Unlike standard prompting which only shows successful programs, GEPA includes rejection history in the prompt:
  • Recently rejected programs and their scores
  • Why they were rejected (lower than parent)
  • Evaluator diagnostics from failed attempts
  • Error messages and feedback
This teaches the LLM what doesn’t work, not just what does.

2. Acceptance Gating

GEPA only accepts a child program if:
child_score > parent_score  # Strict improvement required
Rejected children are stored and shown in future prompts as negative examples. This prevents population pollution from lateral or backward moves.

3. LLM-Mediated Merge

When progress stagnates or after each acceptance, GEPA merges two complementary programs:
  1. Select candidates: Pick programs with complementary strengths
  2. Build merge prompt: Include both programs, per-metric comparison, diagnostics
  3. Generate merged solution: LLM combines the best ideas
  4. Accept if improved: Must meet or exceed both parents

Configuration

Basic Usage

skydiscover-run initial_program.py evaluator.py \
  --search gepa_native \
  --iterations 100

Configuration File

search:
  type: gepa_native
  database:
    # Acceptance gating
    acceptance_gating: true
    
    # LLM-mediated merge
    use_merge: true
    merge_after_stagnation: 15    # Iterations without improvement before merge
    max_merge_attempts: 10         # Total merge budget
    
    # Reflective prompting
    max_recent_failures: 5         # Number of rejected programs to show

Configuration Options

acceptance_gating
bool
default:"true"
Enable strict parent-improvement gating. Only accept children that score higher than their parent.
use_merge
bool
default:"true"
Enable LLM-mediated merge operations to combine complementary programs.
merge_after_stagnation
int
default:"15"
Number of iterations without improvement before triggering a stagnation merge.
max_merge_attempts
int
default:"10"
Maximum number of merge operations allowed during the run (budget control).
max_recent_failures
int
default:"5"
Number of recently rejected programs to include in reflective prompting.

How It Works

Evolution Loop

1

Proactive Merge (if scheduled)

Attempt a merge operation scheduled from previous acceptance
2

Generate Mutation

Create a child program from selected parent with reflective prompt
3

Acceptance Gate

Compare child score to parent score:
  • If child_score > parent_score: Accept and add to database
  • Otherwise: Reject and add to rejection history
4

Schedule Proactive Merge

If accepted and merge budget allows, schedule merge for next iteration
5

Track Improvement

Update stagnation counter. If stagnant, trigger reactive merge.

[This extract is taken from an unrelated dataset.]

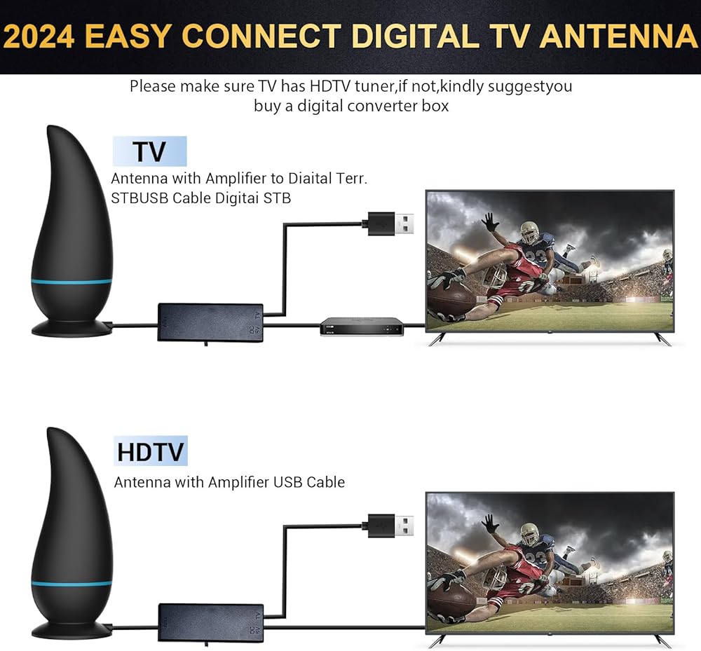 【Easy to Install】You can place TV antenna behind the TV or in front of the window, we ensure you can complete the installation in minutes. You can enjoy tons of channels in your living room, bedroom, basement, RV, and more with the HDTV antenna. If your TV has more than one built-in tuner, simply plug one end of each coaxial cable into each TV terminal and the other end of the antenna into each corresponding coaxial input on your TV's USB port.

Reflective Prompt Structure

The GEPA prompt includes:
[System message with problem description]

[Current parent program and metrics]

[Context programs - successful examples]

--- REFLECTION ON REJECTED ATTEMPTS ---

The following programs were REJECTED for scoring lower than their parents:

1. Program abc123 (score: 0.65, parent score: 0.72)
   Code: [...]
   Why rejected: Child scored 0.07 lower than parent
   
   Evaluator feedback:
   - "Failed test case 3: index out of bounds"
   - "Timeout on large input"

2. Program def456 (score: 0.68, parent score: 0.70)
   [...]

Learn from these failures and avoid similar mistakes.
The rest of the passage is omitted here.